Imagem: Poetic Madness, The House on the Rock – Along the way, 2012
Terminei há pouco Deuses Americanos de Neil Gaiman, livro fantástico que me fez recuperar parte daquela sensação quando li Sandman pela primeira vez, a de entrar em contato com outros mundos, outros planos de realidade para que, apesar de estarem lá, nós não damos muita atenção. Sandman apareceu em casa como um brinde em 1992 e é impossível não achar impressionante o escopo da discussão dessa tão famosa série em quadrinhos.
Naqueles tempos ler Sandman em casa perfazia todo um ritual de imersão de que me lembro até os dias de hoje: sentar no sofá da sala, colocar alguma música instrumental light-porém-imaginativa-o-suficiente e deixar ser levado para as entranhas do Sonhar. As músicas do Pat Metheny Group me seguiram por quase todo esse tempo de leitura, sendo hoje indissociável, pelo menos pra mim, a maluquice arrumadinha do guitarrista com o Sonho.
Aqui no Japão, tem sido complicado conseguir esse mesmo ambiente de imersão. As pessoas vêm e vão a todo momento, os metrôs-chikatetsu estão lotados, os cafés-kissaten abarrotados, o relógio não para… pessoas lendo o tempo todo, todas elas nos celulares-keitaidenwa, iPhones, tablets, iPads e afins, absorvidas por uma energia sagrada oriunda de tantos aparelhos aos quais eu mesmo me tornei devoto.
Imagem: American Gods, nelsonpray, 2010
Passei a ler Deuses Americanos como eles, na correria e zum zum zum de um metrô que não fala a minha língua, nos trens que se embrenham no país como artérias vitais, nos cafés que tocam outras músicas, se bebe um café-ko-hi- diferente do meu e as pessoas conversam sobre outras coisas.

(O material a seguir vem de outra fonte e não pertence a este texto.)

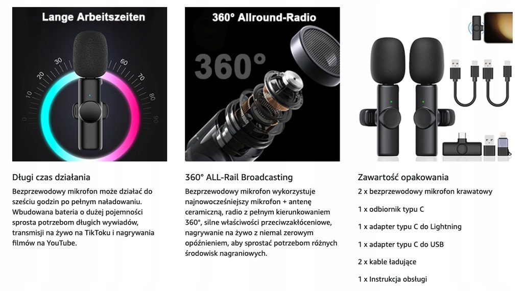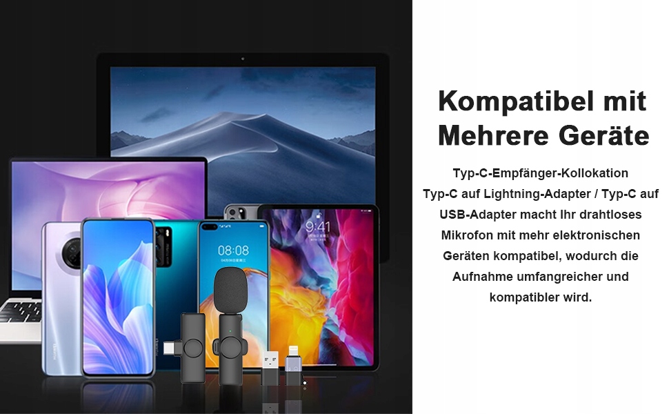 - Rozszerzona kompatybilność: bezprzewodowy mikrofon krawatowy do smartfona/ urządzenia z Androidem posiada odbiornik ze złączem USB-C ale został również wyposażony w przejściówkę USB-C na Lightning i przejściówkę USB-C na USB-A; dzięki adapterowi możesz uzyskać pełną łączność z telefonami/ urządzeniami z systemem Android/ komputerami PC, uzyskując bezproblemowe połączenie

Pouco a pouco o Pat Metheny Group tocando nos meus ouvidos deixou de fazer sentido e, ao invés de me ajudar no mergulho literário, estava é me atrapalhando.
Deuses Americanos apresenta a proposta de que os deuses são feitos da matéria do Sonho e do Pensamento, cuja existência só pode ser assegurada pela Crença das pessoas, hoje a televisão, a internet, o sexo, a cidade… Deixamos de acreditar e venerar Thor, Mitra, entre outros, em função do jornal televisivo e de tantas comodidades do mundo moderno… Durante a metade do livro acabei habilitando o audiolivro que veio junto no e-book e Deuses Americanos acabou ocupando outras partes do meu tempo livre. Quando não lia, escutava, na calçada, esperando pacientemente com todos os japoneses o semáforo-shingo abrir. A guerra de deuses antigos com deuses novos em que o protagonista, Shadow, se envolveu no livro foi toda atassalhada entre os pin pons sonoros dos semáforos, ordenando as pessoas a caminharem para esta ou aquela direção, como entidades poderosas que garantem um mínimo de ordenamento no caos que é a vida humana.

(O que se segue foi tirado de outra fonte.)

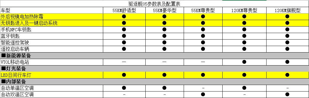 驅逐艦05在屏幕尺寸方面也進行了提升,除車系入門的舒適型外,全系搭載8.8英寸全液晶儀錶盤。除此之外12.8英寸8核自適應旋轉懸浮Pad(高配車型升級為15.6英寸)大屏及操作台小巧的旋鈕式換擋按鈕共同組成的「兩大一小」全新組合,將整體科技值拉滿。同時還做到了「入門即高配」,LED日間行車燈、無鑰匙進入及一鍵啟動系統、自動空調(高配車型雙溫區空調)、後排出風口、定速巡航、外後視鏡電動調節+加熱等超17項高價值功能全系標配,顯示了驅逐艦05優秀的產品實力。101KM車型還增加了VTOL移動電站等亮眼功能,解鎖更多用車場景,實力領先同級。

Imagem: Shibuya, Japanologia, 2014
Deuses Americanos me acompanhou nas caminhadas, disputando a minha atenção com as bicicletas-jitensha que passam sussurando pela calçada, me acompanhou nas visitas aos shoppings-depa-to e nas infinitas escadas-rolantes-esukare-ta. Deuses Americanos foi parar nas lojas-de-conveniência-Konbini, sendo invariavelmente interrompido pelo irashaimase das atendentes, ou então quando perguntavam se queria ou não o recibo-reshi-to, se queria isso ou aquilo. Levei Deuses Americanos para o interior, ao sopé do Fuji, e lá eu também tinha que parar de ler ou escutar para prestar atenção nos ônibus-ba-su, nos trens-densha, no maquinista, nos infinitos relógios que demarcam com precisão a chegada desse ou daquele trem. Ou é isso, ou você não volta pra casa, simples assim.
Só depois que me dei conta do quão impressionante foi essa experiência de leitura. Assim como nas peripécias de Shadow ao assistir uma batalha de deuses antigos com deuses novos, vi no Japão os Deuses Americanos lutarem com muita bravura e persistência, sucumbindo sumariamente aos Deuses Japoneses, aquele do celular-keitaidenwa, aquele do relógio, do trem, do pin pon, da bicicleta, da Konbini.